Brette Gabel: Home Is Where You’re Happy
Curated by Blair Fornwald, Assistant Curator
April 2 to June 1, 2016
Artist Talk and Reception: Saturday, April 2, 1:00-3:00 pm
Born and raised in rural Saskatchewan, Brette Gabel uses quilting and embroidery techniques learned from her mother and grandmother to explore the boundaries of comfort and discomfort as they relate to family, memory, and the domestic sphere. Home Is Where You’re Happy includes numerous renderings of Gabel’s childhood home, an iconic 1910 era Eaton’s catalogue kit house, drawn from memory.

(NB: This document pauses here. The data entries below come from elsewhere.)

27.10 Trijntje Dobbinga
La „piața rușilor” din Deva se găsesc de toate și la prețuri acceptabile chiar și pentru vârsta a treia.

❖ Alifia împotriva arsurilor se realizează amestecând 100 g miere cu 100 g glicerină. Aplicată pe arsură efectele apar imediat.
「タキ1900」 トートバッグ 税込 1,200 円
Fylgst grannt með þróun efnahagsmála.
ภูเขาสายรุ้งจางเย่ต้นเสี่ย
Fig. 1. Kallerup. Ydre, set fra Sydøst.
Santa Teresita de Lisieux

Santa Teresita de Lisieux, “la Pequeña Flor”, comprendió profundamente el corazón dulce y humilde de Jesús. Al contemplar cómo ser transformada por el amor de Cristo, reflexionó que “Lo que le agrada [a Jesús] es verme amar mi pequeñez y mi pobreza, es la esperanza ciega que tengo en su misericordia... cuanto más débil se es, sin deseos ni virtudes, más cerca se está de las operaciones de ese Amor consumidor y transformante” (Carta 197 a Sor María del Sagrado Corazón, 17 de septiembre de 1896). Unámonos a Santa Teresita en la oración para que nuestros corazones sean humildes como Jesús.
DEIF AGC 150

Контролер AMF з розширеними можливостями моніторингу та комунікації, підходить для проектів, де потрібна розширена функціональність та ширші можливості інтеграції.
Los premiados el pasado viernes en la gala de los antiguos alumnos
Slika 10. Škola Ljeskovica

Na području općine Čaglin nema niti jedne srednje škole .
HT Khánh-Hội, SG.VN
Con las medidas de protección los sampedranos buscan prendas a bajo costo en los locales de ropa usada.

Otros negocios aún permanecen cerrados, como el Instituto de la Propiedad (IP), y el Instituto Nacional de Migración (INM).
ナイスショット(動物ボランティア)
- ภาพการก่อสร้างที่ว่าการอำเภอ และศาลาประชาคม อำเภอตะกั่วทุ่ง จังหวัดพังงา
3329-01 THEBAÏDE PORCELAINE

A delicate 3D model of the house, entitled Not How I Remembered It, is constructed of quilted and embroidered hand-dyed muslin. Inflated so that it moves slightly and quivers as if it is alive, it sits atop the sturdy kitchen table from Gabel’s current home. The house is also rendered two-dimensionally, from various angles onto fabric and paper, with cotton threads both tracing the contours of the structure and entangling to obscure the images in nebulous clouds. Gabel’s newest work addresses her current life as a new parent – she has produced series of quilted baby blankets with patterns based on international maritime signal flags, used by sailors to communicate messages of warning or distress. Working in a muted, almost somber colour palette and addressing personal subjects with composure, eloquence and understated humour, Gabel’s work avoids sentimentality . Simultaneously beautiful and uncanny, her works articulate the ways that memory and biography haunt the present and imbue the handmade object with significance.